The results of a major study of early hominid teeth suggest that our male ancestors tended to stick around close to where they were born but that our female forebears moved away from their birthplace to mate with males from other tribes. These findings come from looking at the isotopes in fossilised teeth, which reflect the water being consumed during tooth formation; the variable ratios of different elements in turn reflect the geology of the place from which that water was derived.

The teeth were found at the Sterkfontein and Swartkrans caves in South Africa and belonged to species that are part of the human ancestral line – Australopithecus africanus and Paranthropus robustus. Their isotope ratios indicated that the females grew up in one place then moved in early adulthood, while the young adult males stayed put.

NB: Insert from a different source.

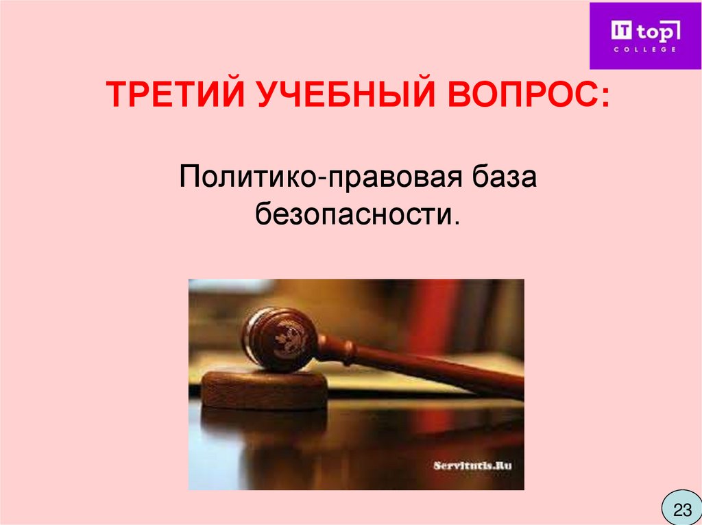 ТРЕТИЙ УЧЕБНЫЙ ВОПРОС: Политико-правовая база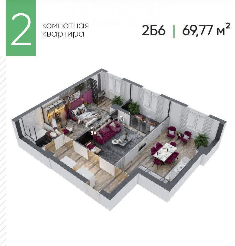 2-бөлм. бат., 69.77 м2

‘This study gets us closer to understanding the social structure of ancient hominids since we now have a better idea about the dispersal patterns,’ said Sandi Copeland, of the University of Colorado Boulder, who led the study, published in the journal Nature. ‘Such behaviour is found in modern human societies,’ she said, ‘but it was not clear until now whether this trend emerged with the advent of agricultural society and the ownership and inheritance of land or whether it was rooted deeper in our ancestral past.’

Seeking an explanation for home-loving male behaviour, Professor Copland said that one possibility is that ‘close male co-operation and conflict between groups produced strong male loyalty towards their own group.’